No entanto, nosso despertar foi graças aos gritos alvoroçados e insistentes do mesmo homem que nos recebeu na noite passada. Havia uma janela no nosso quarto e infelizmente ela dava para os fundos da hospedaria, onde ficavam suas criações. Pelo que pudemos perceber, aquele homem acordava bem cedo para cuidar de seus bichos e de seu curral e, como não bastasse, adorava gritar pedindo coisas para a mulher gorda e com sardas que nos apresentou o quarto noite passada – graças aos gritos estridentes dele, descobrimos que se tratava de sua esposa.

Vamos, Margô, traga logo a cesta pra recolher os ovos, mulher! – ele gritou mais uma vez lá em baixo, mas agora nós já quase terminávamos de nos arrumar. – As patas estão chocas e logo, logo não teremos ovos para comer! Faça-me o favor, não quero mais uma dúzia de patinhos correndo pelo celeiro.

Eu sorri de canto ao ouvir, pois era engraçado pensar que ele achava que ninguém mais além de Margô escutava aqueles exageros dele. Mabel comentou:

– Deve ser boa a vida no campo, não acha?

Ela olhava pela janela, para o homem e sua esposa.

– Não para alguém que cresceu na cidade, Mabel, pode ter certeza – eu disse enquanto dobrava os lençóis, embora falasse por pura força de expressão, já que nunca tinha experimentado. Porém notei o olhar sonhador dela, que imaginavam uma vida diferente da rotina rígida e cronometrada que ela e o irmão levavam normalmente, enquanto os pais estavam atarefados com cirurgias e procedimentos. Geralmente eram aulas, provas, cursos, festas formais e nada mais que isso, nada de diversões em família e quase nada de contatos reais. Considerei, então, que para Mabel aquela aventura estava sendo tão libertadora quanto era para mim.
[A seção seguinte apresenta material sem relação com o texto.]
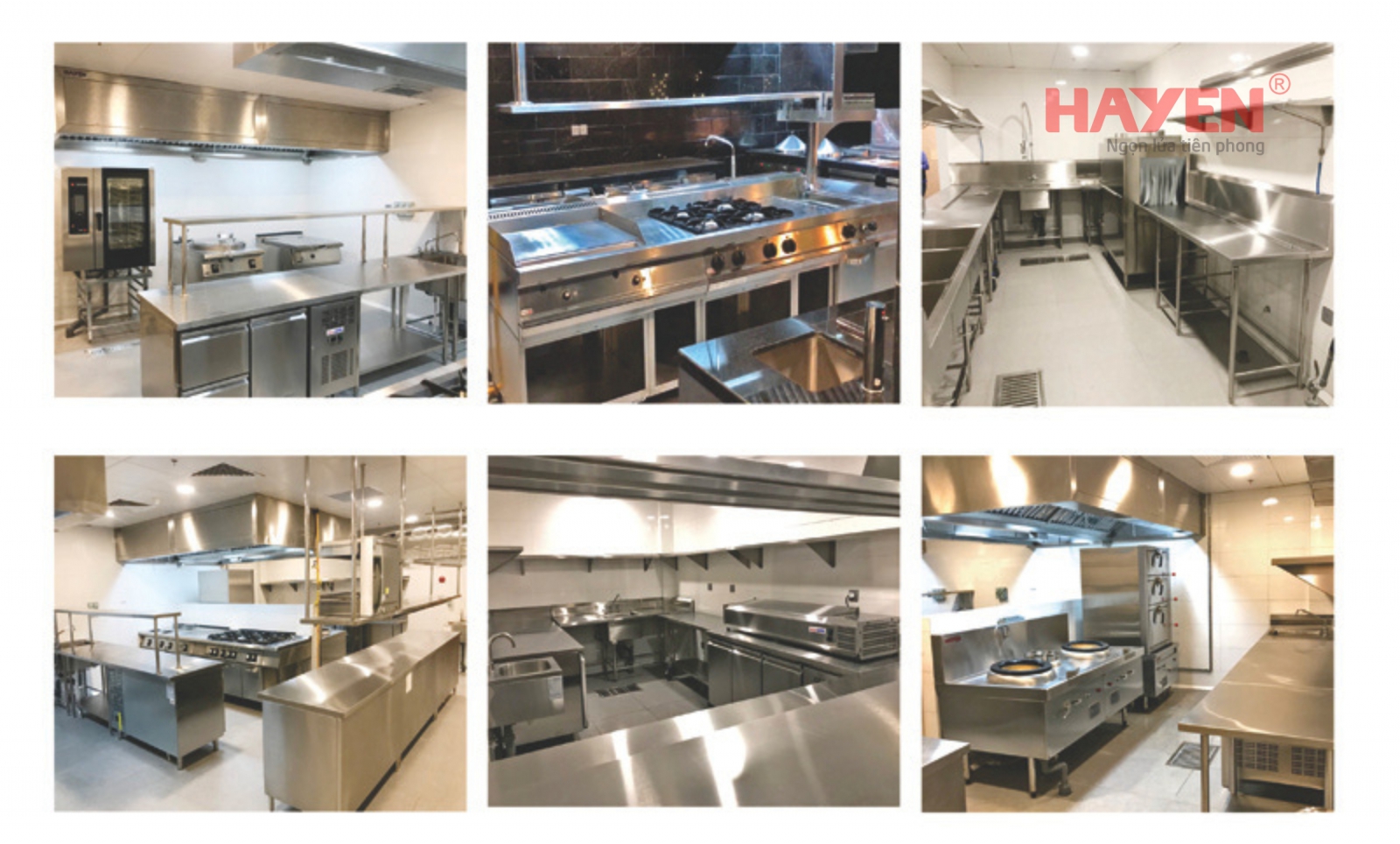 Không gian toàn bộ khu bếp công nghiệp của khách sạn rộng rãi, thông thoáng và sạch sẽ, được xây dựng theo nguyên lý thiết kế bếp một chiều giúp các khâu sơ chế và chế biến thực phẩm không đan lồng hay chồng chéo lên nhau đảm bảo sự tiện lợi cũng như tiết kiệm thời gian. Khu bếp chính được lắp đặt các thiết bị hiện đại đến từ các thương hiệu nổi tiếng thế giới như: Fagor, Electrolux,…và một số thương hiệu của Hà Yến như các dòng sản phẩm bếp từ - MasterInduc, làm lạnh - MasterCool.

Talvez até mais. Aproximei-me dela e disse: – É só o seu segundo dia aqui. Vai ver que não existe nada melhor do que o nosso lar.
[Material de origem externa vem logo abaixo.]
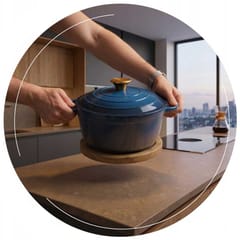 Kompatybilność z żeliwem: Podkładka jest precyzyjnie zaprojektowana, aby idealnie pasować do wszystkich naczyń żeliwnych.
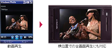 PCで利用しているWMA(注10)/MP3の音楽データや、WMV/ASF形式の動画をWindows® ケータイ F1100で楽しめます。また、インターネット上などにあるコンテンツのストリーミング再生にも対応しています。

Sorrindo de canto, ela me fitou com carinho.

– Já está falando que nem seu avô, sabia?

– Sério?

Nesse instante, Dinter-Dim abriu a porta e entrou. Ele tinha ido pedir nosso café da manhã e estava de volta.

– Bem, meninas, tudo certo lá em baixo. Só não teremos ovos no café porquê...

Porque as patas estão chocas – Mabel e eu dissemos juntas, sorrindo de canto e o fitando como se pudéssemos ler sua mente. Ele ficou meio desconcertado e desentendido.

– É isso, mas como vocês sabem?

Nós nos olhamos e sorrimos juntas.

– Ouvimos o senhor Al dizer – Mabel esclareceu.

– Ah – ele sorriu, sem jeito e com alívio. – Vamos, então?

E com tudo pronto, nós duas acompanhamos ele pelo corredor e pela escada até o andar de baixo, onde encontramos bem mais gente do que na noite anterior. Tinha alguns homens bebendo no balcão (Já à essa hora do dia? – Mabel me perguntou, admirada), e alguns outros comendo nas mesas e conversando sobre as tragédias da noite passada. Uma mesa mais reservada estava preparada para nosso café e Dinter-Dim nos guiou até ela. Ali nós três comemos até nos fartar e evitamos conversar porque nossos assuntos ultimamente não estavam sendo tão públicos assim. Em vez disso, ouvimos alguns falarem de Alair e de sua patética tentativa de ganhar apoio, outros já diziam que não era tão patética assim, pois a Cidade-Forte deveria enviar dinheiro para ajuda-los a retomar a vida. Dinter-Dim ouviu tudo isso sem ligar.